12. A company with a fleet of trucks faces increasing maintenance costs as the age and mileage of the trucks increase.

problem: At what mileage the maintenance cost will surpass the truck’s value?

variables: mileage, age, mileage, brand, industry sector. Assuming the company use the trucks very often, the mileage increases with the age. The age and mileage affect the cost in the same way so only keep one of them as independent variable. Assuming the fleet has the same make and model, brand of the truck is considered as constant initially. The constant k will be different for different carrier operations: less-than-truckload (LTL), full-truckload(TL), and specialized(SP). Therefore, the model will be divided into submodels according to the carrier operations.

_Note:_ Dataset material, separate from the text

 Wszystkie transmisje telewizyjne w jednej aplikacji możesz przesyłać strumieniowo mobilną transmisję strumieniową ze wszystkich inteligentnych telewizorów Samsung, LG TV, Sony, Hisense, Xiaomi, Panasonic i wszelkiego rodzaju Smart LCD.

The problem will be simplified to predict the maintenance costs of the fleet as a function of the mileage of the trucks.

Submodel: maintenance costs of the fleet = cost of LTL + cost of TL + cost of SP

Data to collect: The cost of preventative checking fee, the cost of replacement of major systems (fuel, auxiliary, braking, exhaust, etc.), cabin comfort controls, tires, wheels, rims, fluids, lights, frame and undercarriage, safety features (horn, seat belt, etc.); repair of leaks, mounts, drive shafts, CV joints, belt and hoses.

Reference:

  1. An Analysis of the Operational Costs of Trucking: 2016 Update (American Transport Research Institute). (http://atri-online.org/wp-content/uploads/2016/10/ATRI-Operational-Costs-of-Trucking-2016-09-2016.pdf)

  2. Track Your Truck. (https://www.trackyourtruck.com/blog/top-5-tips-effective-fleet-maintenance-planning/)

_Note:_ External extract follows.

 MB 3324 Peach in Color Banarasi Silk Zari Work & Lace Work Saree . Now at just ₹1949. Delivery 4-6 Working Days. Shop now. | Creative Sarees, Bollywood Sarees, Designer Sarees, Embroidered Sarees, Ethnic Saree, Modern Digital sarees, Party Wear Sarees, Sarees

2.2 Modeling Using Porpotionality

Problems:In Problems 7-12, determine whether the data set supports the stated proportionality model.

  1. \(y \propto x^3\)

y 0 1 2 6 14 24 37 58 82 114 x 1 2 3 4 5 6 7 8 9 10

dt_tb <- as.data.frame(rbind(c(0, 1, 2, 6, 14, 24, 37, 58, 82, 114),c(1, 2, 3, 4, 5, 6, 7, 8, 9, 10)))
rownames(dt_tb) <- c('y','x')
kable(dt_tb)
V1 V2 V3 V4 V5 V6 V7 V8 V9 V10
y 0 1 2 6 14 24 37 58 82 114
x 1 2 3 4 5 6 7 8 9 10
dt_tb_long <- data.frame(t(dt_tb))
dt_tb_long$x_3 <- (dt_tb_long$x)^3
ggplot(dt_tb_long,aes(x_3,y)) + geom_line()

From the plot we can see the relationship between \(y\) and \(x^3\) is a straight line passes through the origin. So we can say that the data set supports the proportionality model \(y \propto x^3\).